As the title indicates


----------



## Northernstar (Jul 23, 2011)

What a handsome boy! Quite apparent he made a safe journey, and is both healthy and happy


----------



## Chevaux (Jun 27, 2012)

That's one nice sized arena. It looks like he is settling in well. He's a handsome fellow.


----------



## rexing93 (Dec 6, 2012)

*drools* He's SO handsome! I'm jelly! o.o


----------



## tlkng1 (Dec 14, 2011)

I am very pleased with him. I can't do a lot with him at the moment as he is barefoot, his fronts only by about 4 weeks so he is a little tender footed though sound. Due to being barefoot his feet aren't in the greatest shape; they are short and ragged. He was supposed to get shod today but the type of shoe my farrier wants to use, a glue on version, isn't one he stocks so they have to order them. I have to go out of town this weekend so it will be next Wednesday before he has shoes.

In any case, I rode him yesterday to get rid of my "first ride at home" jitters in our large indoor..freshly graded and soft . When I first tried to mount from the block he circled it like wagons lining up for war. I didn't fuss, just tucked the reins behind the irons and free lunged him, just kept him moving but I let him pick the pace; (he cantered most of it) for about 10 mins just to get rid of the excess energy. When I went to mount again he took one step forward so I got back down (I had only gotten one foot in the iron) and backed him about 30 steps. The next try he stood nice and still. We just walked around and trotted a little..nothing strenuous. We have kids at camp at the barn so they were running around, yelling, talking loud, jumping off the bleachers and he looked but didn't spook or shy. He got hit in the chest when one of our kamikaze birds flew up from the ground and he didn't even tense. He walked past a very large and loud tractor, that had a huge drag attached, that was parked only a couple of feet from the barn door and he walked past it and into the barn without even looking at it.

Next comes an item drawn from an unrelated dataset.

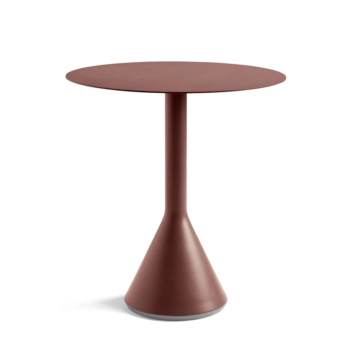 The Palissade Cone bistro table is a new addition to the outdoor Palissade series from HAY and is characterized by its cone-shaped base, which is filled with concrete to ensure stability. Despite its robust properties, the base is by no means bulky, but rather has a graphic touch in combination with the thin table top, which can also be seen in the rest of the series designed by Ronan & Erwan Bouroullec.

He has been home for four days and already has developed quite the following. He is very sweet with everyone and enjoys poking his head over his door to greet anyone that walks by...especially if they stop for a poll scratch with some sort of treat in hand ..he is not a dumb horse.


----------



## tlkng1 (Dec 14, 2011)

Rigo has been home three weeks. He now has shoes all around, has had his teeth floated and we had our first official lesson on the 4th. He has become a barn favorite with his personality..he is most definitely a people horse, and is as gentle as a lamb with the little kids. While he head butts me and practically knocks me over (think of being pushed by a greyhound bus), he just taps his nose on the little kids. I hate to think just how many pounds of carrots he is getting when I am not there


----------



## my2geldings (Feb 18, 2008)

I absolutely love that indoor arena! it reminds me of back home in France when I rode. I love that style of arena. Great to see he is doing so well! looking forwards to seeing more videos and photos.


----------



## tlkng1 (Dec 14, 2011)

That is our smaller indoor arena which is the same size as a legal large dressage arena.


----------



## Roux (Aug 23, 2013)

Lovely horse! He looks wonderful!


----------



## tlkng1 (Dec 14, 2011)

Updated pic...5 weeks and 1 day:


----------



## Chevaux (Jun 27, 2012)

I so see you, Tlkng1 dressed to the nines with Rigo impeccably groomed and tacked up following the hounds.


----------



## PixiTrix (Sep 11, 2013)

I loooooove his color!


----------



## HorseLovinLady (Jul 18, 2011)

Handsome boy you have there!!


----------



## MyFillyAspen (Oct 28, 2012)

Stunning! Subbing for more droolworthy progress. :wink:


----------



## tlkng1 (Dec 14, 2011)

Chevaux said:


> I so see you, Tlkng1 dressed to the nines with Rigo impeccably groomed and tacked up following the hounds.


Sorry Chevaux...he is a dressage horse  Our first schooling show, on home grounds, is in about 3 and a half weeks.

And yes, he WILL be groomed and presented in the best way I can do it.


----------



## Chevaux (Jun 27, 2012)

Well, I guess that would work too:-|


----------



## rideverystride (Jul 19, 2013)

He is STUNNING .


----------



## tlkng1 (Dec 14, 2011)

Today's post ride; pre-dinner pic


----------



## tlkng1 (Dec 14, 2011)

New pic .

The ribbons on the stall are from our first show effort this past weekend.


----------



## my2geldings (Feb 18, 2008)

tlkng1 said:


> Updated pic...5 weeks and 1 day:


 He's stunning!


----------